# 1gb ram vs 1.5gb?



## MegaZX30 (Oct 27, 2008)

Hi again, not on here very often but im doing some minor upgrades to an old computer for one of my family members. I actually have two questions both related what im currently doing
Here is a a few quick motherboard/procesor specs. I believe these are the important ones anyways...

MS6577 (v4.1)
533 FSB Running a P4 3.06 HT
RAM: 2x 512 MB PC2700
and for those wondering running Win XP.
oh and well since it's an old mobo - No dual channel support...
Well according to Compaq / Presario's website this motherboard only supports 512 MB Ram per slot w\ 2 avialable.
But after I had already bought and installed 2x 512MB sticks i checked crucial's website and relized these specs may be or are outdated as it indicates the board should support 2 1GB sticks at either PC2700 / PC3200.

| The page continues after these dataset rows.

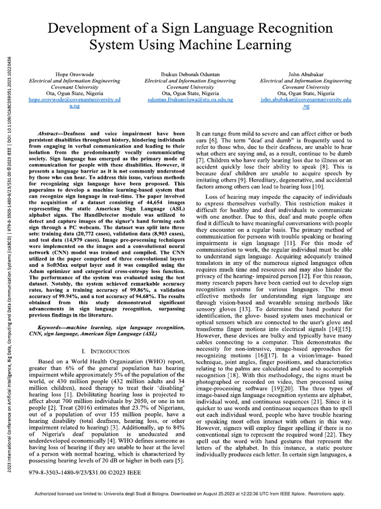 can recognize sign language in real-time. The paper involved Loss of hearing may impede the capacity of individuals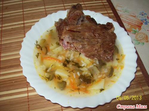 . Варила рассольник с копчеными ребрышками..копченые ребрышки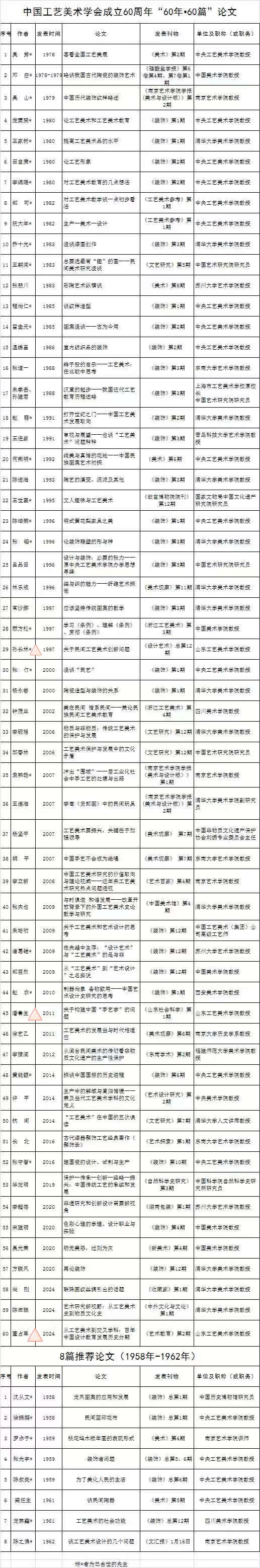 据悉,“60年·60篇”论文评议活动是中国工艺美术学会成立60周年的重要学术总结,旨在系统梳理1965年以来我国工艺美术理论研究的发展脉络,遴选在学科建构、理论创新和行业实践中产生深远影响的代表性成果,具有极高的学术权威性和历史价值。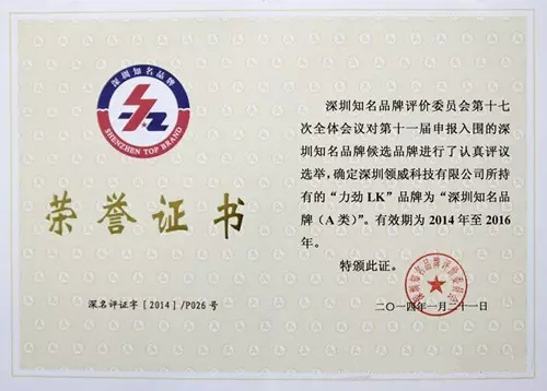 深圳領威科技有限公司“力勁LK”商標認定為第十一屆“深圳知名品牌”;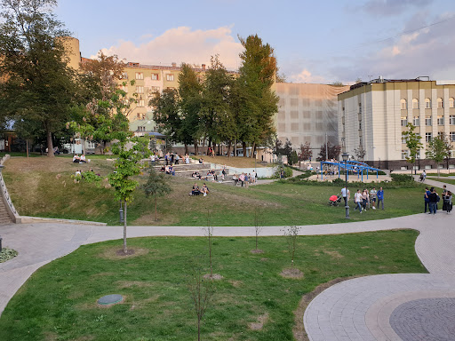 Read moreИнтересный парк, сначала смотрится как небольшой сквер, потом как из матрёшки, выскакивают новые неожиданные повороты. Три уровня,семь зон, и кстати памятник Осипу Мандельштаму и остаток крепостной белокаменной стены около женского монастыря формально относится к парку. Сначала здесь была школа (где сейчас фонтан), потом в военные годы госпиталь, в мирное время поликлиника, тогда же появился больничный сад из лип. Затем больницу снесли, деревья вырубили, хотели построить еврейский центр или хотя бы гостиницу, но жители возражали и , как часто бывает, результате получилась парковка. И это безобразие длилось до тех пор, пока столичные власти не осенило спросить у местных жителей, что же они хотят....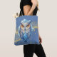 Blue & White Owl Gold Glitter Blue Halloween Tote Bag
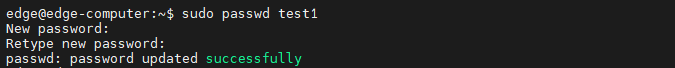 Change the password for test1, use the passwd command, enter the new password, and then repeat the process to confirm the change

Well here's the thing before this upgrade it only had 512MB Ram( 2x 256 sticks) and with basic operation of what's installed on it, this thing was gasping for more ram... 15 - 20 min. boot up... appications loaded slow and operation was not very smooth...
Well now that it's running 1gb it runs alot smoother then before, but the boot up time still seems very slow i wanna say 5 - 10 minutes but havnt had the chance to really clock it.
Alright... sorry for all the typing, onto my questions

1) I was wondering since it doesn't support dual channel mode would possibly upgrading it to just 1.5 gigs (1 1gb , 1 512MB stick) see fairly good benifits without going 2gigs. I may be wrong but i cant imaging with this really being a general use computer needing a full 2 gigs.

2) Now i've read some things on other forums saying that you should keep the FSB speed and the RAM speed equal to each other for best performance
as in 533 FSB is equal to PC2700 RAM or so i read.
Is this true that PC3200 would actually be worse...? Im not super worried about it but for future use it'd be nice to have cleared up.
Well considering it's 4 in the morning here im kinda tired and hope i wasnt too confusing or unclear on anything... If so i can be more clear on anything i said tomorow or anytime after i get some sleep.
Some feedback would be apreciated and im calling it a night for now.


----------



## speedster123 (Oct 18, 2006)

The pc3200 will clock down to the fsb speed. Go for it. In regards to the boot up time, see whats running on startup, type msconfig at the command prompt. Norton generally is a drag at startup.


----------



## MegaZX30 (Oct 27, 2008)

So it's not that it's really worse, just that it will not actually take advantage of the faster ram.
This makes more sense then what i've read elsewhere, more specificly that the ram would run at it's rated speed but be out of sink with the proccessor. Unless im missing something, if that was true of course, wouldn't the ram wait to be accessed by the prossesor in the first place.

Hmm yea they have Norton Internet Security, I believe it's the 2007 edition if the version matters. I suspected that was at least part of the slow loading time on startup but wasn't sure. When i get the chance i'll have to check and see what other programs are booting up.

I know more ram is always a positve thing. But would upgrading the ram to 1.5 or possibly even 2gb be noticable in any ways?


----------



## Wrench97 (May 10, 2008)

For XP a gig is good for general office apps, internet, Email use, gaming, photo editing, video editing would benefit greatly from more.

You might want to sub Microsoft Security Essentials for Norton it uses a lot less resources and less ram to run. Plus it's free.


----------



## MegaZX30 (Oct 27, 2008)

Alright thanks for the sugestions, I think for the time being i'll leave the computer as is and possibly check out Microsoft Security Essentials


----------